3/10
What a shocking disappointment!
26 February 2024
It's not an original comment at all, but after enduring DRIVE-AWAY DOLLS, I really felt like I had been left dumber than I was going in. This movie is such a massive mis-fire, I'm really shocked it got any kind of release. What drew me in was my 40 year long affection for the films of the Coen Brothers. I figured with a film from Ethan Coen, I was in for a breezy good time like some of the Coen's lesser works offered (I'm thinking INTOLERABLE CRUELTY or maybe BURN AFTER READING). What I got was a ridiculous mash-up of themes, none of which were well thought out or entertaining.

This 84 minute movie follows Jamie (Margaret Qualley) and Marian (Geraldine Viswanathan), two friends who also happen to be lesbians (but are not "together"). Jamie is a wild-child from Texas, all one-night stands and hedonistic. Marian is buttoned-up and hasn't had a lover in 3 years or more. While not exactly closeted, the 1999 setting of this film means she isn't exactly openly gay either. They decide to take a trip down to Tallahassee (I don't even recall all the rationale for that), and to make it financially viable to do so, they use a drive-away service that hooks them up with a car bound for that very Florida city. Sadly, the owner of the drive-away service thought the two young ladies worked for the criminals who ARE supposed to be driving the car south, leading to a pair of "goons" (as listed in the credits) to chase after the two young ladies in a time before real cell phone coverage or other tech that might have made the pursuit easier.

Antics ensue, revolving mostly around the sexual shenanigans of the two girls (mostly kinda icky), the endless arguments between the two goons (none of which were interesting at all) and the eventual discovery of what was in the trunk of the car that the ladies aren't supposed to know about (involving the creation of plaster casts made of the private parts of certain conservative political figures).

My biggest problem with the film was the ridiculous, over-the-top portrayal of lesbian sexuality. Coupled with the silly plaster casts we are often obliged to gaze at, and you've got a film that feels like it was written by a ninth grade boy who doesn't understand how sex works and REALLY doesn't understand how lesbian sex works. Most of the sex scenes were embarrassing to watch, they were so childish.

These scenes MIGHT have been at least some fun, had they not starred the truly dreadful Margaret Qualley. I've seen her give decent performances before (NOVITIATE, ONCE UPON A TIME IN HOLLYWOOD), but here her wild energy is uncontained and generic. Nothing she does feels rooted in any kind of reality, even the skewed reality of this film. It wants to be a daring performance; instead, it is silly and not for one moment did it feel like I watching a real person. Viswanathan, on the other hand, is marginally convincing, and the only character we root for at all.

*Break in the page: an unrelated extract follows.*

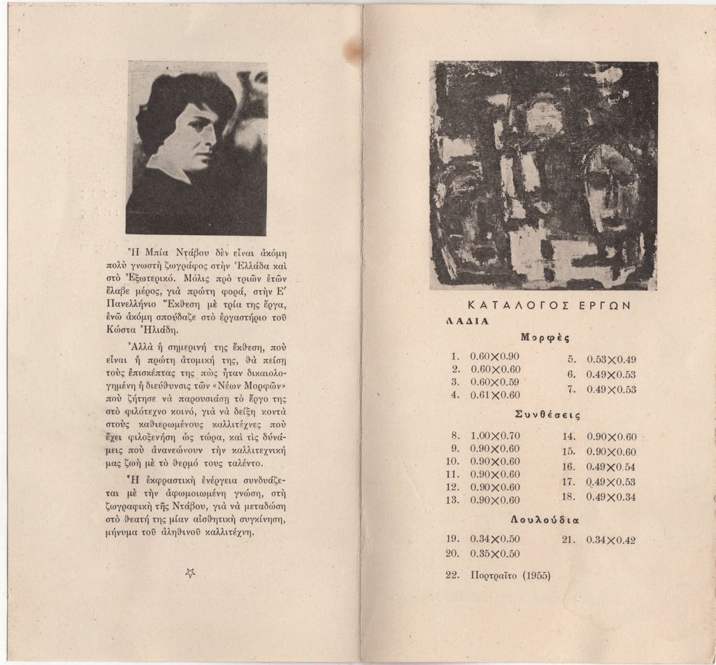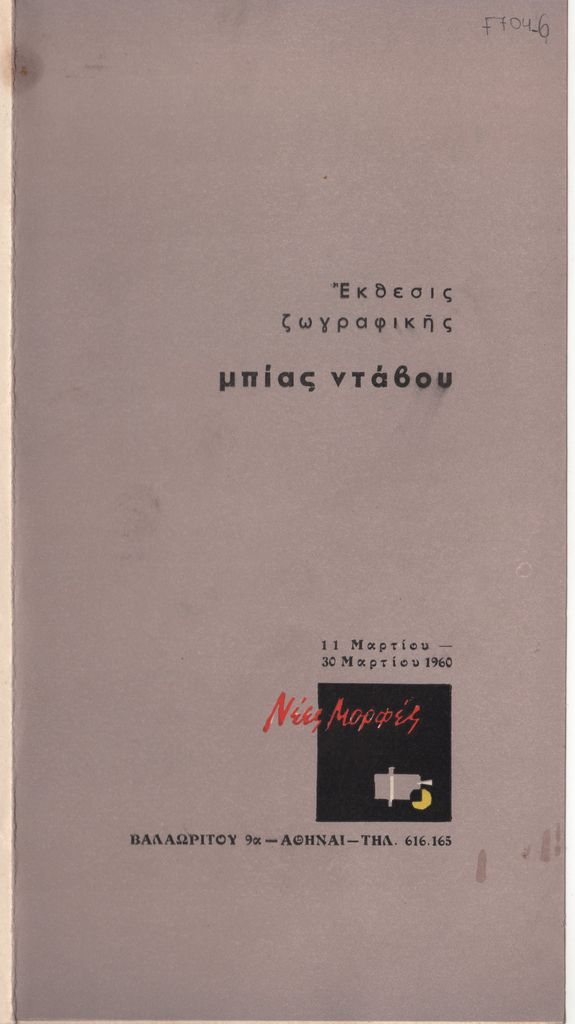 Έντυπο, στα ελληνικά, δίπτυχο, χαρτόνι, 23,0×12,5 εκ. Κατάλογος της ατομικής έκθεσης ζωγραφικής της Μπίας Ντάβου στην Αθήνα τον Μάρτιο του 1960. Περιέχει βιογραφικό της καλλιτέχνιδας και κατάλογο των έργων της έκθεσης.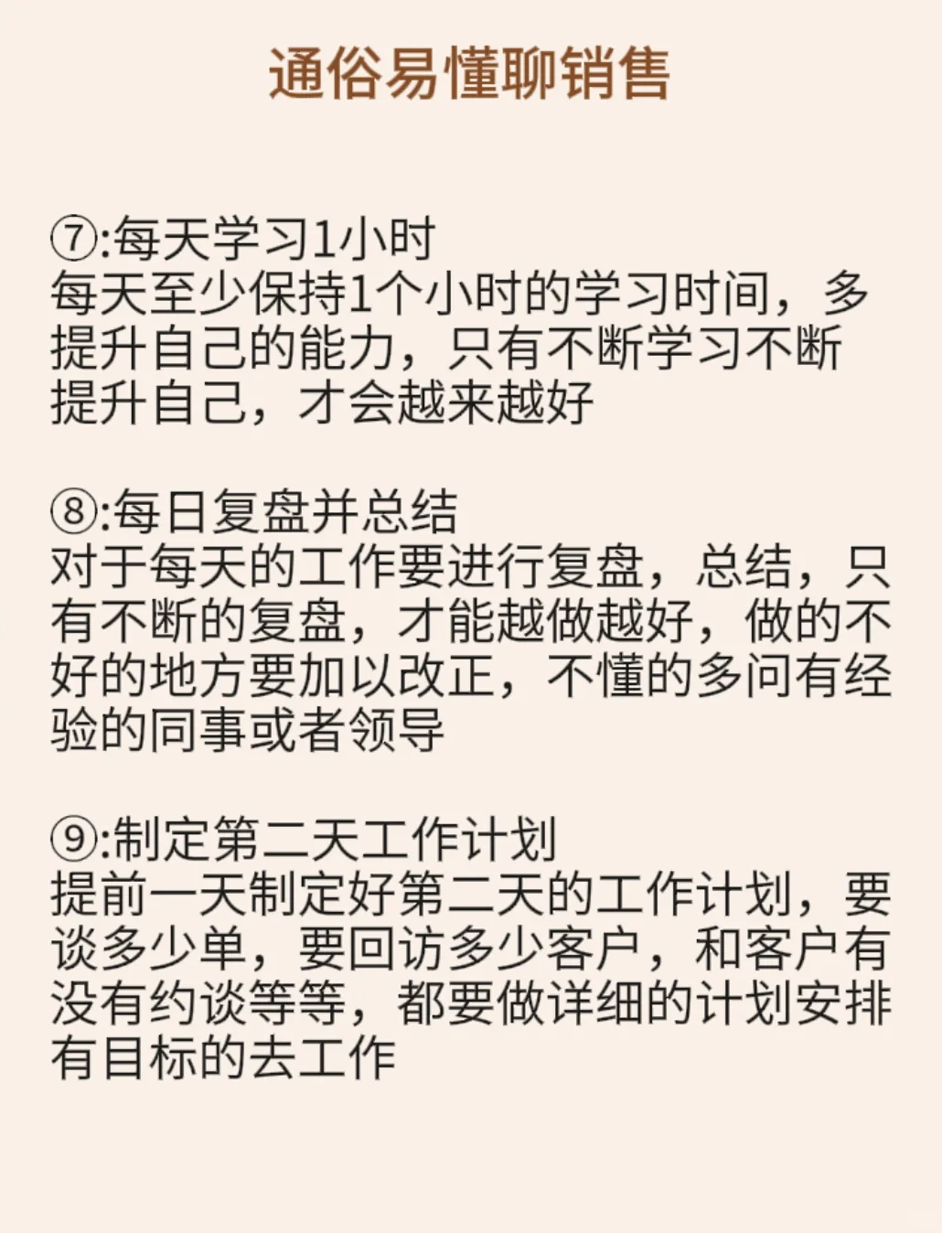 提前一天制定好第二天的工作计划,要谈多少单,要回访多少客户,和客户有没有约谈等等,都要做详细的计划安排有目标的去工作

Pedro Pascal and Matt Damon make very brief cameo appearances. They both look dreadfully embarrassed to be in the film. (I felt actively bad for Damon.) And the film even manages to make the delightful Colman Domingo uninteresting.

A deep disappointment, insulting to lesbians (rather than "liberating" as I assume it intended to be) and simply stunning to be coming from Ethan Coen. Avoid!!